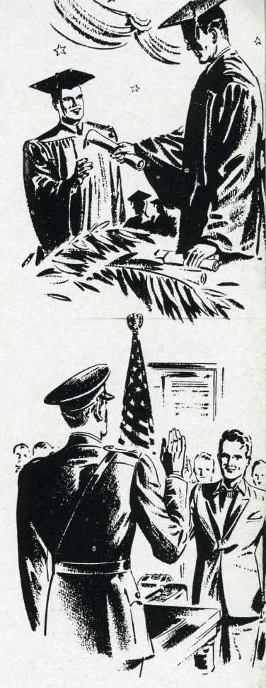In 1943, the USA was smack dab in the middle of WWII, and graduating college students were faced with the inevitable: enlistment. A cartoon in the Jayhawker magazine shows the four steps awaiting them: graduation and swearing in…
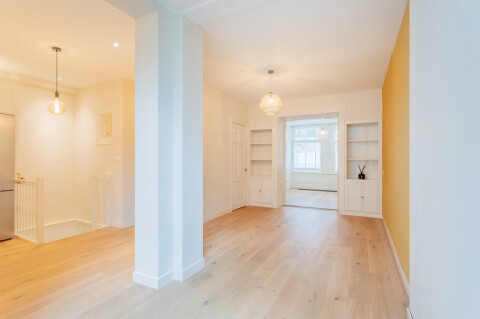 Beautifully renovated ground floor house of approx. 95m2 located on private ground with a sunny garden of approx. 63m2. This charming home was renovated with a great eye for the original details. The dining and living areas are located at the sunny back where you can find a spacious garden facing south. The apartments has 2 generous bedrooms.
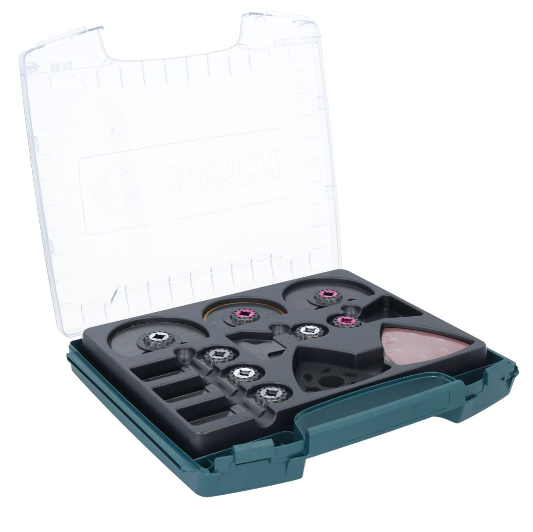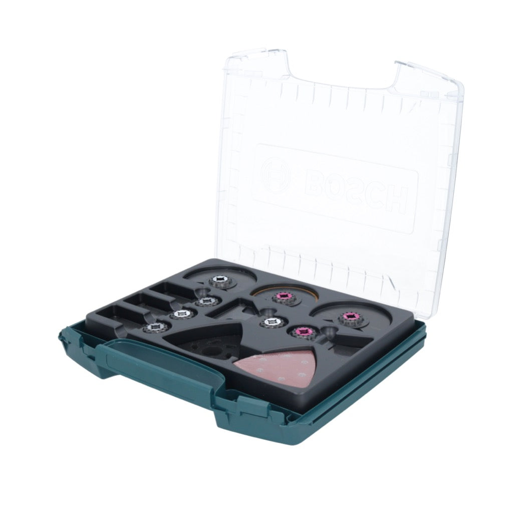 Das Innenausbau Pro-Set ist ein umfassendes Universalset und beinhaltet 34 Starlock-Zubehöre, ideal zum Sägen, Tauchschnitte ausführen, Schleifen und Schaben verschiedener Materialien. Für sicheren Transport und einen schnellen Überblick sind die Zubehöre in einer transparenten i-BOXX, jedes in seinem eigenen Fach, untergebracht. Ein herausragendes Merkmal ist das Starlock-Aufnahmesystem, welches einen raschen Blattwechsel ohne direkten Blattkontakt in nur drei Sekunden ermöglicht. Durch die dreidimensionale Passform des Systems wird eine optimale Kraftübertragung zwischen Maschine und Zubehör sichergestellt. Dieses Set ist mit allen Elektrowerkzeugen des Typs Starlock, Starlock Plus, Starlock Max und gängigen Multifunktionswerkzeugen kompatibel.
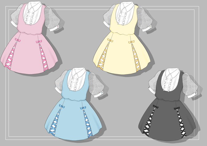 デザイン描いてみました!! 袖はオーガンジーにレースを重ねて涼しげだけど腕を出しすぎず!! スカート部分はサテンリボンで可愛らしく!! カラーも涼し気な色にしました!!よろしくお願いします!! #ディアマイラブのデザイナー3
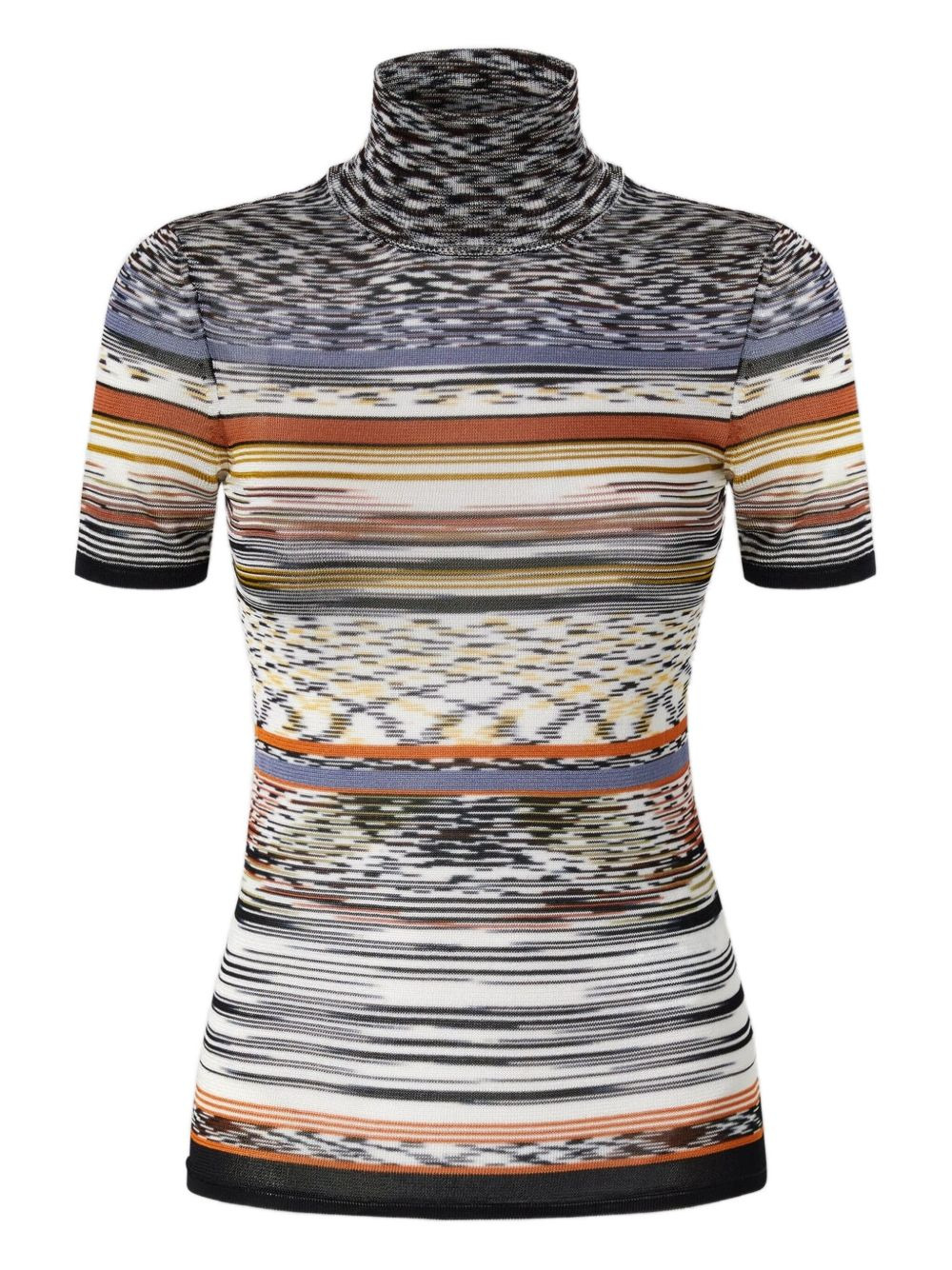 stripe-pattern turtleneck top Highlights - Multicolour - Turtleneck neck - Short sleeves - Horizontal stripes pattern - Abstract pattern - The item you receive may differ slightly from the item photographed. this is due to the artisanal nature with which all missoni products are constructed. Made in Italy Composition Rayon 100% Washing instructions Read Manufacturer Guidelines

- - - - - - -

* **EXERCISE PROMPT**:
Leave the pictures out, and restate exactly the lines from the start of the records through the one that contains "Beautifully renovated ground".

* **ANSWER BOX**:
In 1943, the USA was smack dab in the middle of WWII, and graduating college students were faced with the inevitable: enlistment. A cartoon in the Jayhawker magazine shows the four steps awaiting them: graduation and swearing in…
 Beautifully renovated ground floor house of approx. 95m2 located on private ground with a sunny garden of approx. 63m2. This charming home was renovated with a great eye for the original details. The dining and living areas are located at the sunny back where you can find a spacious garden facing south. The apartments has 2 generous bedrooms.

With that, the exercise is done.